Charles Murray, quoting Stephen Meyer, presents a familiar metaphysical move: if the universe once had no space or time, then there could be no matter or energy to “reside” anywhere. Therefore, materialistic explanations must fail, leaving divine or immaterial causation as the only coherent alternative.
Robin Hanson’s laconic response—”You assume material must occupy finite space”—is both a devastating critique and a modern corrective. It exposes that Meyer’s reasoning rests on a pre-relativistic metaphysics: the assumption that matter and energy are in space rather than constitutive of it.
The Error of the Container Model
Meyer’s argument assumes what physicists discarded over a century ago: the idea of space as a passive container in which matter exists. Under Newton’s absolute space, this made sense. But in general relativity, spacetime is not a stage—it is a dynamic actor co‑defined with the distribution of mass-energy. Matter tells space how to curve; space tells matter how to move. Remove matter, and the concept of “empty space” becomes ill‑defined.
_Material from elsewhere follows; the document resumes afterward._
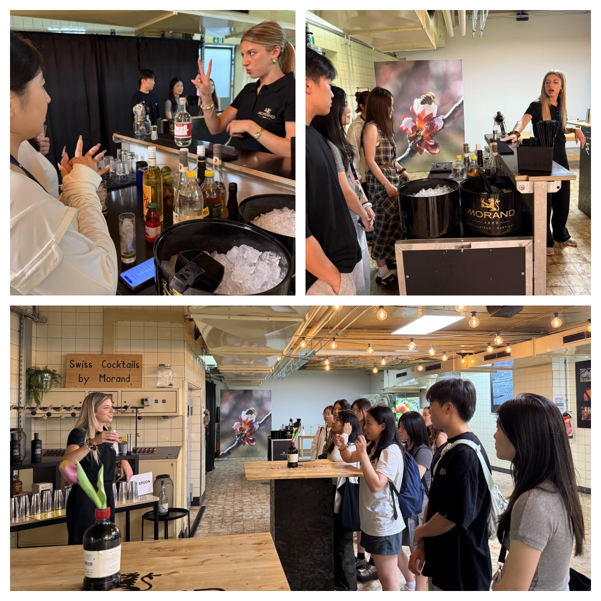强化实践能力是本次研学的重中之重。研学团走出教室,将整个瑞士作为学习的广阔天地。在被联合国教科文组织列为世界遗产的拉沃葡萄园梯田,学生们了解了“三个太阳”的独特自然优势,品味了当地特色葡萄酒,感受到了文化遗产与自然景观的和谐共生。在参观凯雅巧克力工厂与格吕耶尔芝士工坊时,大家不仅见证了从原料到成品的精湛工艺,更深刻体会到瑞士“慢食文化”背后对匠心品质的执着坚守。此外,在Morand酿酒厂的调酒体验课上,学生们亲手调制创意饮品,将艺术审美与专业技能融为一体。

By treating space as an external prerequisite for existence, Meyer commits what might be called the finite fallacy: assuming that because something is spatially extended now, it must always have been extended somewhere. But if spacetime itself is emergent from quantum fields or informational relations, then the question of where matter was “before space” is incoherent—like asking where the color blue was before light existed.
Matter Without Place
Modern physics allows for ontologies where matter does not occupy finite space:
Quantum fields exist not in space but as the substrate from which space emerges. The geometry of spacetime may itself be a statistical effect of entanglement patterns.
The wavefunction of the universe in the Wheeler–DeWitt formalism is defined over configuration space, not physical space. It encodes all possible spatial geometries, none of which require pre‑existing extension.
Pre‑geometric theories—loop quantum gravity, causal set theory, and AdS/CFT duality—treat spacetime as a derived phenomenon from discrete or relational information.
From these perspectives, “matter before space” is not nonsense; it’s physics. What Meyer calls incoherent is merely unfamiliar.
Philosophical Stakes
Meyer and Murray are not defending physics—they are defending a metaphysical intuition: that being must have location. Hanson rejects this intuition entirely. His point is not theological but ontological. If material existence is defined by the capacity to generate structure, relation, and conservation, then it need not be spatial. Spacetime could be one emergent mode of material relation, not its ground.
This reorientation dissolves the false dichotomy between “material” and “immaterial.” Once matter is understood as pattern rather than substance, information and energy become natural continuations of physical law, not exceptions requiring divine intervention.
The Coherence Criterion
Meyer’s reasoning fails the coherence test because it projects finite intuitions into domains where they no longer apply. To say “material explanation makes no sense before space” is to conflate explanation with visualization. The fact that we cannot picture non‑spatial existence does not make it incoherent. The map of space-time is a product of the territory, not its prerequisite.
Hanson’s one‑line rebuttal captures this entire insight: material does not need a finite place—it is the process that gives rise to places.